A portion of the holdings were brought to the Austrian National Library, where it was neither inventoried nor marked as confiscated, and it remained there for decades. After years of research, scholars correctly identified the book as belonging to the Rothschild family at the end of the 1990s.

It remained in the library’s hands, though it was loaned to the Jewish Museum of Vienna in 2021 and presented to the public for the first time.

Only in 2023, following a recommendation by the Austrian Art Restitution Advisory Board, was it returned to the heirs of the last owners, Alphonse and Clarice von Rothschild, who were in England at the time the Nazis looted their home and stripped them of their properties.

“While the wrongs of the past can never be undone, the restitution of this mahzor carries deep meaning for our family as it stands as both an acknowledgment of history and a small measure of closure to a pain that has echoed through generations,” the heirs said in a statement disseminated by Sotheby’s.

According to Mintz, the book “stands not only as a masterpiece of medieval illumination but also as a symbol of extraordinary historical perseverance.

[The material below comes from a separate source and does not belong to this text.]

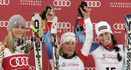 : From L to R: second placed Lindsey Vonn of USA, winner Lara Gut of Switzerland and third placed Dominique Gisin of Switzerland at the flower ceremony of the Women Super G race of FIS Audi Alpine World cup Altenmarkt-Zauchensee in Zauchensee, Austria. Super G race of FIS Audi Alpine World cup in season 2010 / 2011 was held on Sunday, 9th of January 2011 on Kaelberloch race track at Zauchensee, Austria.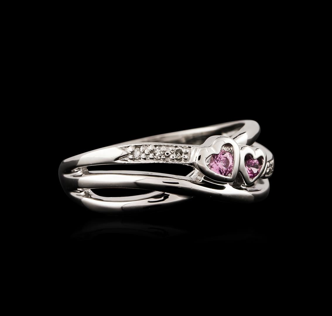 One ring featuring: 14KT white gold weighing 3.30 grams containing two pink topaz with a total weight of 0.05ct and diamonds with a total weight of 0.05ct.

Its six-century journey mirrors the broader story of Jewish resilience.”

The auction house said it expects the mahzor to be sold for $5 million to $7 million when it goes under the hammer.

In 2021, another medieval illustrated prayer book, the Luzzatto High Holiday Mahzor, was sold to an unnamed private buyer for $8.3 million, easily beating Sotheby’s pre-sale estimate of $4-6 million and marking the record for an illustrated Hebrew manuscript. A 16th-century Talmud sold in 2015 brought in $9 million at auction, a record for a piece of Judaica.

Neria expressed hopes that the buyer would donate the volume to a museum or other collection rather than keep it for themselves.

“From my perspective, this is not merely an object of beauty or scholarship; it is a fragile but eloquent voice from Jewish history, one that deserves to be preserved, studied, and made accessible to the public in the most responsible institutional home,” Neria said. “I do hope that there will be a way in which this mahzor will return to the hands of the Jewish people at large and not just hidden in a private collection.”